MIAs aim to extract sensitive information about a model's training data, posing significant privacy concerns.
We devise a black-box MIA that only needs to query the victim model repeatedly.
- Score: 0.7366405857677227
- License: http://arxiv.org/licenses/nonexclusive-distrib/1.0/
- Abstract: This paper introduces a novel approach to membership inference attacks (MIA)

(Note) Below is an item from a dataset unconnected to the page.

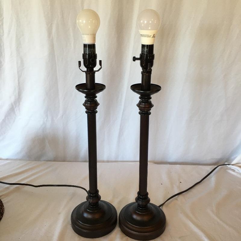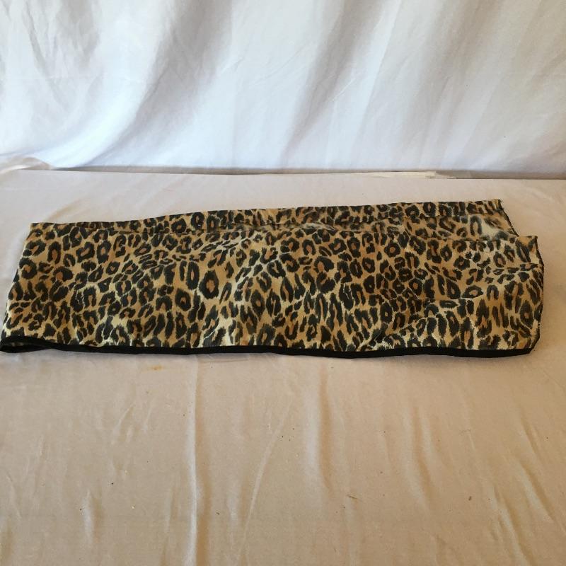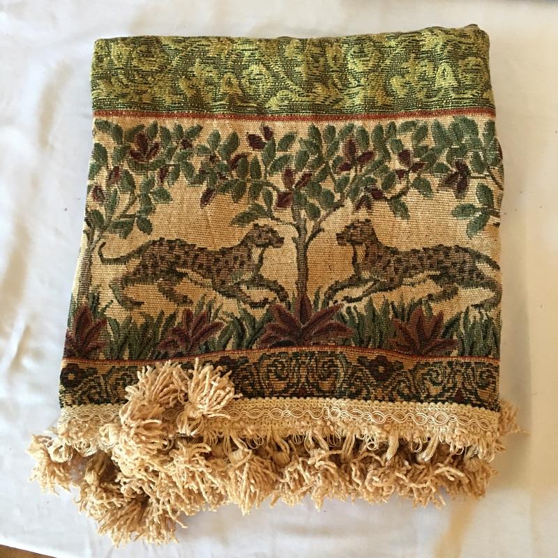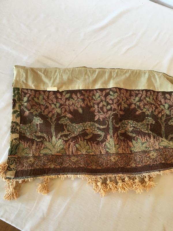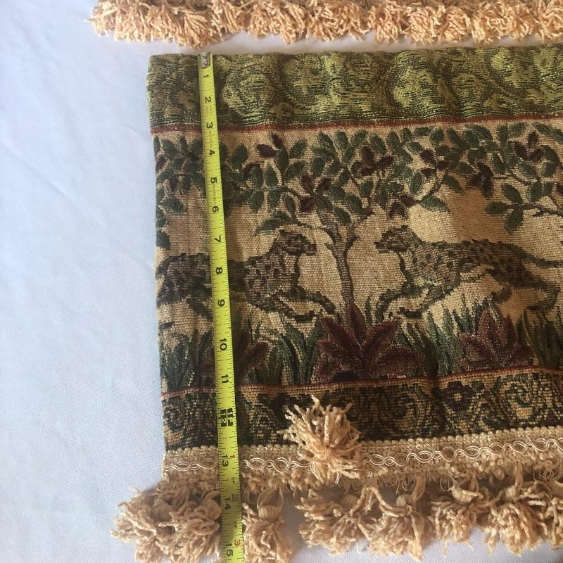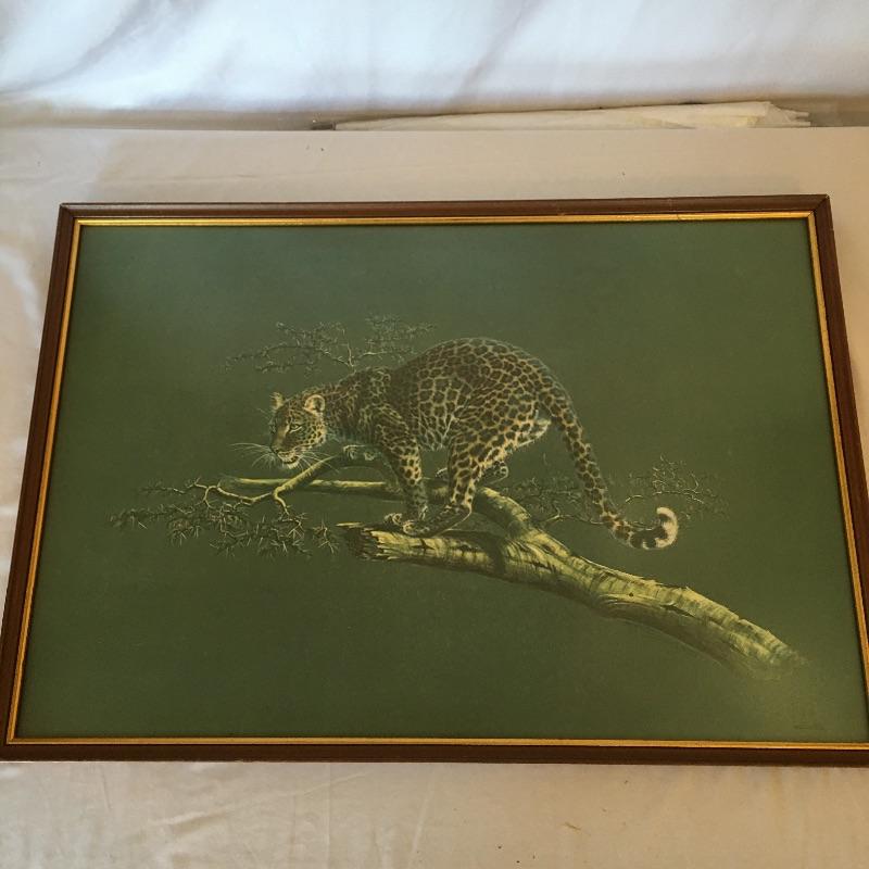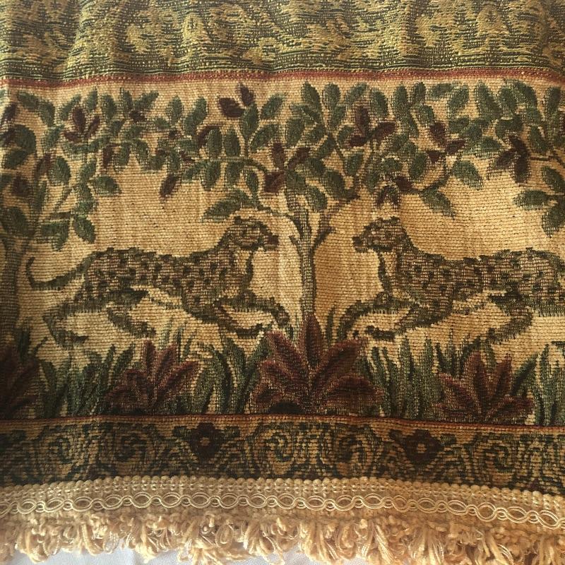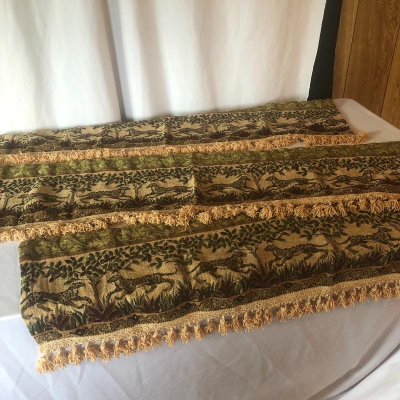 This leopard print collection includes two barstools, two table lamps, Kim Brooks framed print and a three piece valance. Welcome to the jungle with this ferocious collection. Barstools measure 19” x 19” x 43” with a 29” seat height. Each valance is approximately 50” x 13” (not including tassels). One leopard valance may be missing one or two tassels.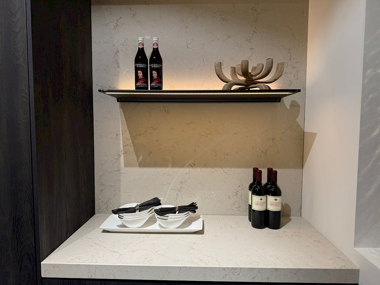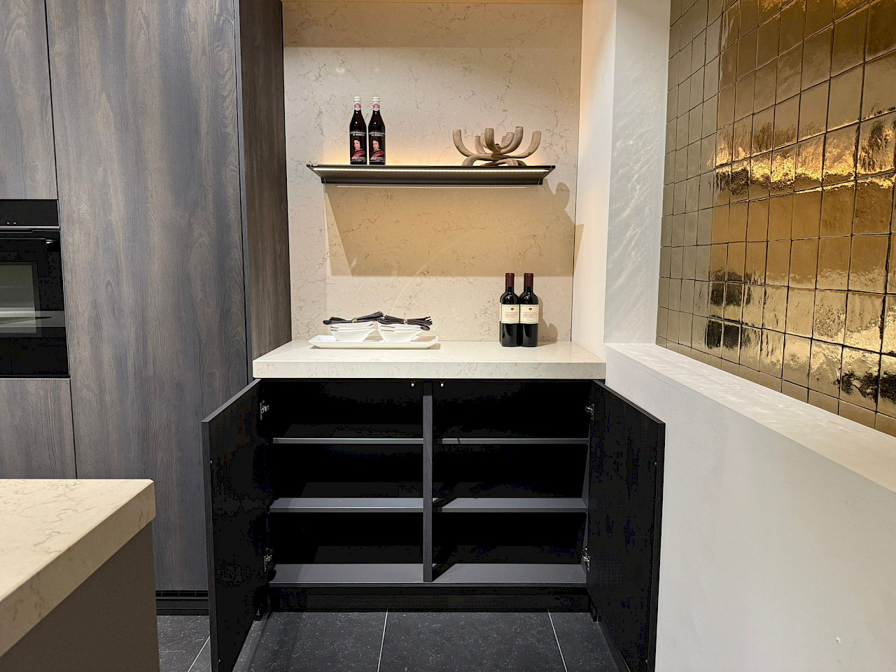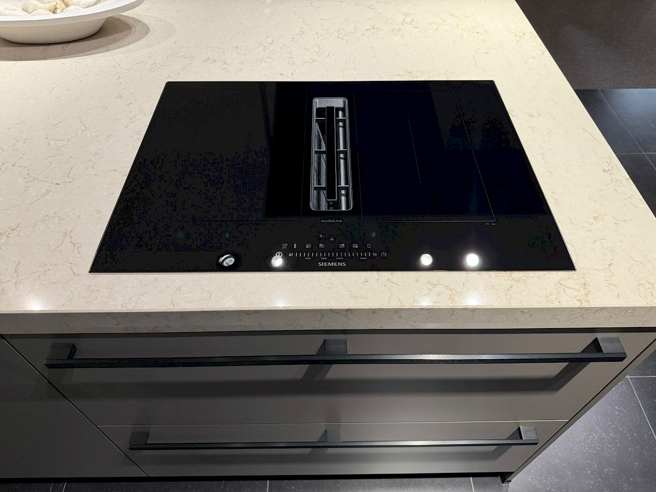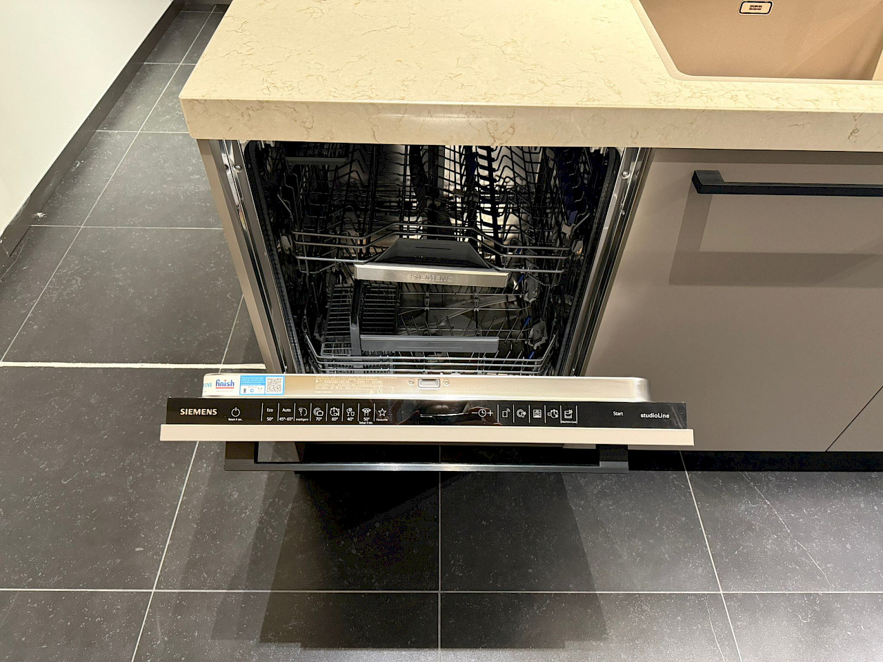 Inclusief: Siemens vrieskast, Siemens oven met stoomfunctie, Siemens koelkast, Siemens vaatwasmachine XXL, Siemens inductiekookplaat met afzuigsysteem, Siemens wijnklimaatkast, Novy Shelf

targeting stable diffusion computer vision models, specifically focusing on the
highly sophisticated Stable Diffusion V2 by StabilityAI. MIAs aim to extract
sensitive information about a model's training data, posing significant privacy
concerns. Despite its advancements in image synthesis, our research reveals
privacy vulnerabilities in the stable diffusion models' outputs. Exploiting
this information, we devise a black-box MIA that only needs to query the victim
model repeatedly. Our methodology involves observing the output of a stable
diffusion model at different generative epochs and training a classification
model to distinguish when a series of intermediates originated from a training
sample or not. We propose numerous ways to measure the membership features and
discuss what works best. The attack's efficacy is assessed using the ROC AUC
method, demonstrating a 60\% success rate in inferring membership information.
This paper contributes to the growing body of research on privacy and security
in machine learning, highlighting the need for robust defenses against MIAs.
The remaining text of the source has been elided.